Lu en novembre-décembre 2021

« L’enfant réparé » de Grégoire Delacourt

Je vous parle aujourd’hui d’un livre que j’ai choisi pour le thème et la couverture et  dont la lecture m’a pris du temps :

Résumé de l’éditeur :

« J’ai compris depuis ce qui motiverait mon chemin d’écrivain. Présenter à l’adulte que je suis devenu l’enfant que je fus. »


 
Dans Mon père, publié en 2019, Grégoire Delacourt peignait un père venu demander des comptes à un prêtre coupable d’abus envers son jeune fils. Catalyseur d’émotions enfouies, le livre allait faire ressurgir des souffrances muettes et conduire son auteur a une enquête introspective profonde. Remontant enfin à la source de son enfance saccagée, Grégoire Delacourt la fait revivre dans Son fils, poignant récit autobiographique où il se livre pour la première fois.


  Son fils raconte un corps abîmé et les livres qui l’ont réparé, ce corps qui très jeune a subi l’étourdissement dans le Valium ou autres médicaments et se perçoit comme un déchet. L’écriture lui permet d’abord de subsister, de fuir sa famille et ses souvenirs, avant de devenir une démarche créatrice jalonnée des traces cachées de ses douleurs enfantines.

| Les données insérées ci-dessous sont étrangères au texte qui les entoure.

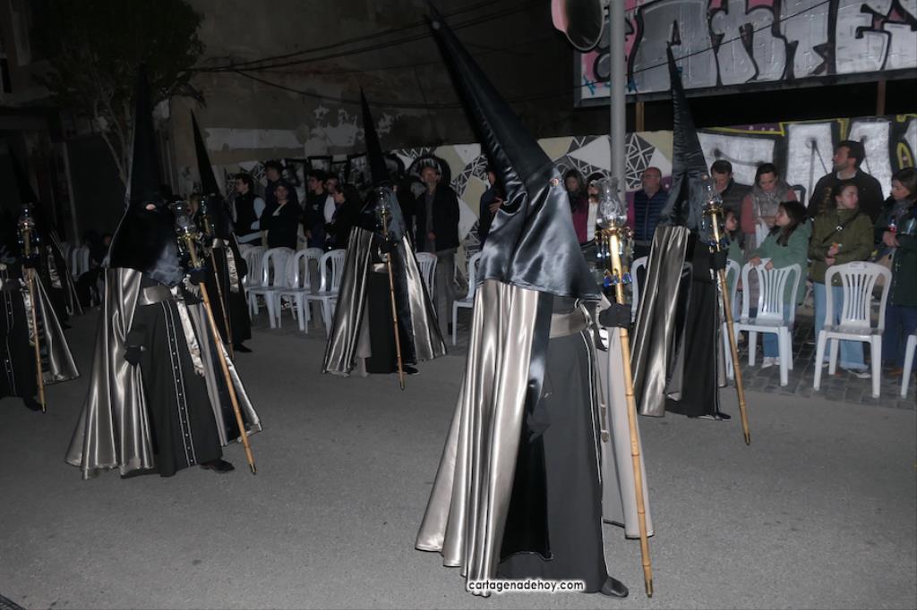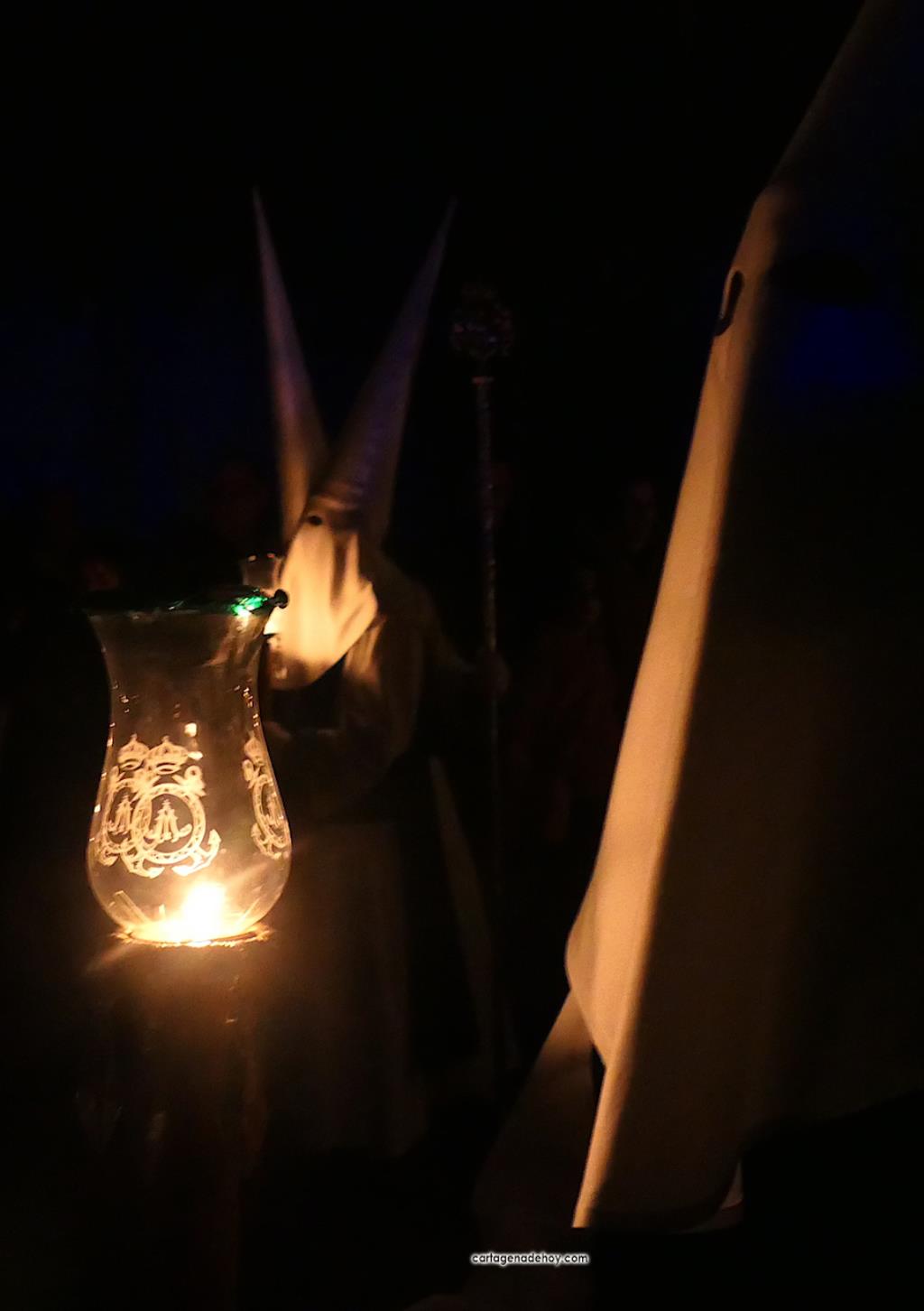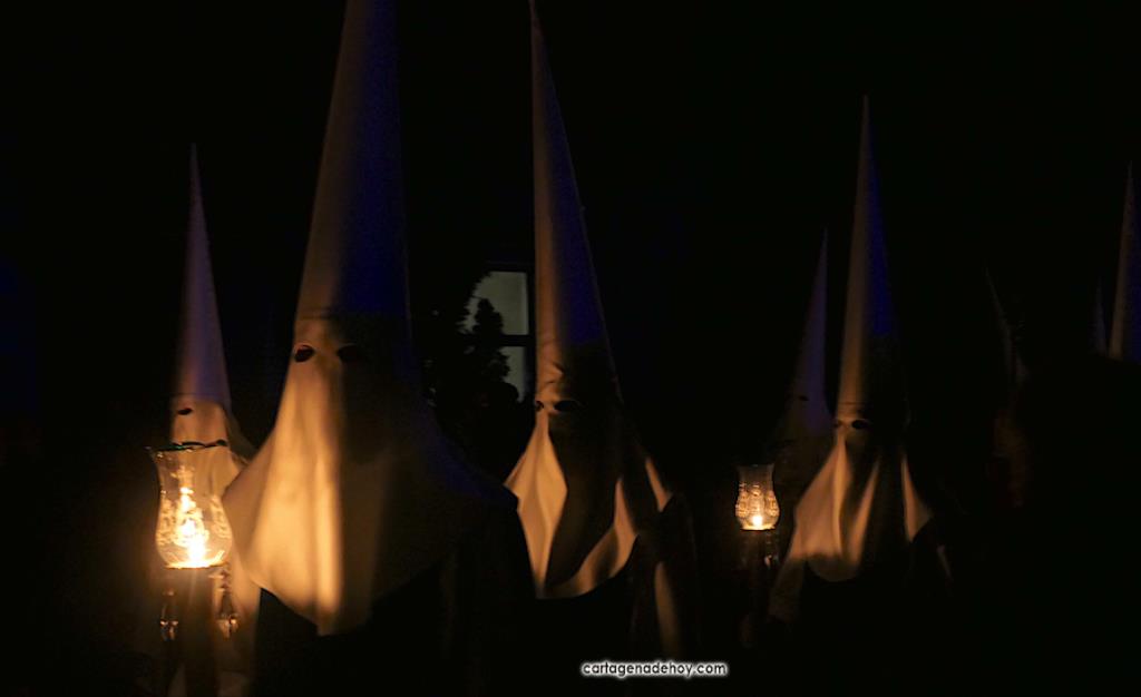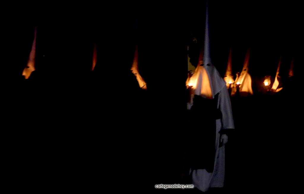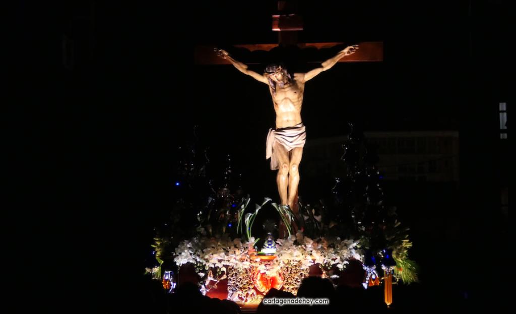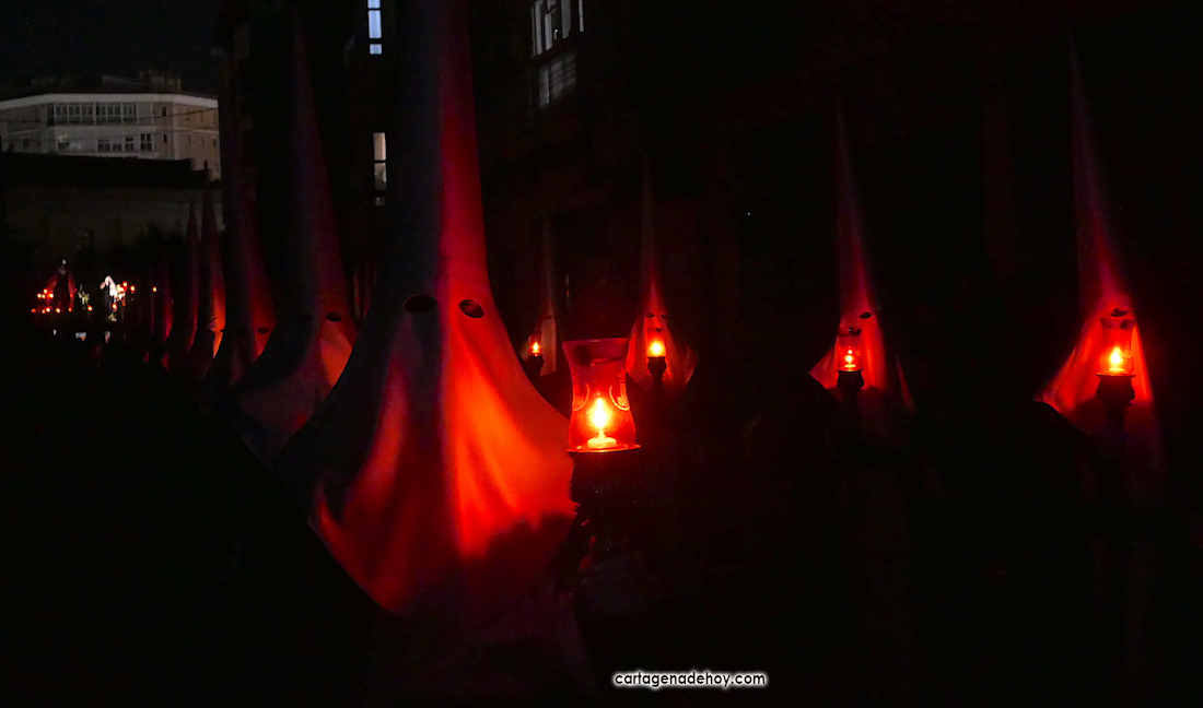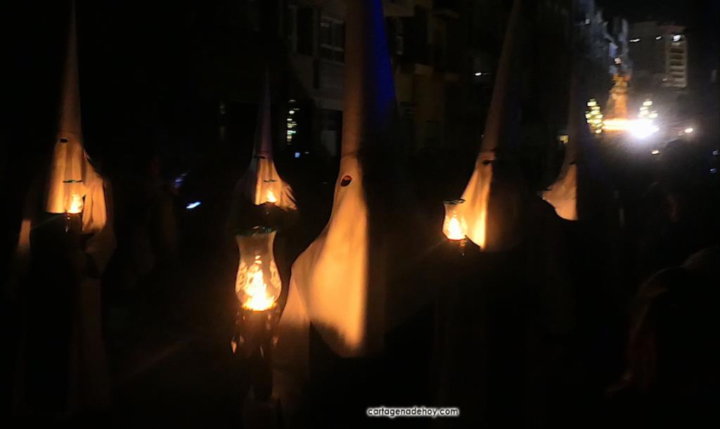 Merecían los californios una noche tranquila después del agua del domingo, la incertidumbre del martes y el vendaval del miércoles. El día no lo fue, pues fue un jueves de vientos, aunque no tan fuertes como la noche anterior. Sin embargo, al llegar la noche amainó mucho y el desfile de la muerte de Cristo se celebró sin problema alguno. Apuntar que, a diferencia de años anteriores, se adelantó algo la salida y también la masiva presencia de público, que, salvo por la oscuridad, más bien parecía un Miércoles Santo durante el magno desfile californio.

  Pourquoi le petit garçon qu’il était rêvait-il au soulagement de sauter par la fenêtre ? Qui était ce père, absent et bourreau ? Cette mère adorée fuyait-elle son propre enfant, ou bien faisait-elle tout pour le protéger ?

 
 
Son fils est l’histoire d’une enfance abusée, d’une famille où l’on porte le déni comme une armure, et un éclairage unique sur le parcours d’un écrivain. « Le jour où j’ai appris que j’étais une victime, je me suis senti vivant. » Dans un style acéré, précis, un regard sur soi d’une rare lucidité. Bouleversant.

Ce que j’en pense :

Comme c’est dur de refermer un tel livre ! Et comment en parler, quand c’est un uppercut qu’on vient de se prendre en pleine face ?

Je précise, avant de commencer ma chronique, que je n’ai pas lu « Mon père », donc je suis entrée dans le livre sans connaissance de la vie de l’auteur, ni idée préconçue.

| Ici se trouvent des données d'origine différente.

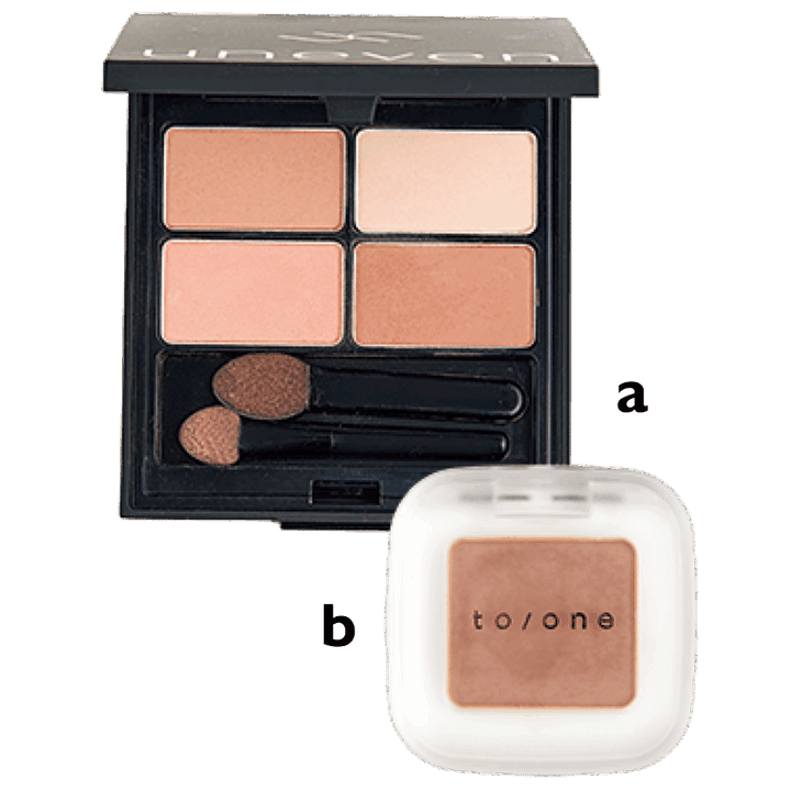 cを指でなじませてアイホールに広げ、色を入れずに印象的に見せるためbのベージュ系カラーを二重幅に重ねる。aは頰高めの位置に広く横長にのせ、内側から滲むような血色とツヤを出す。

L’auteur nous parle de son enfance abusée, abus qu’il avait pris soin d’enfouir le plus profondément possible. Des bribes revenaient, le retour de sa mère de la maternité après l’accouchement et qui retrouve son fils de trois ou quatre ans, transformé : il hurle dès qu’on le touche ! Elle a certes compris ce qui s’était passé, mais à cette époque-là, il est malvenu d’en parler, et comment en parler d’ailleurs ?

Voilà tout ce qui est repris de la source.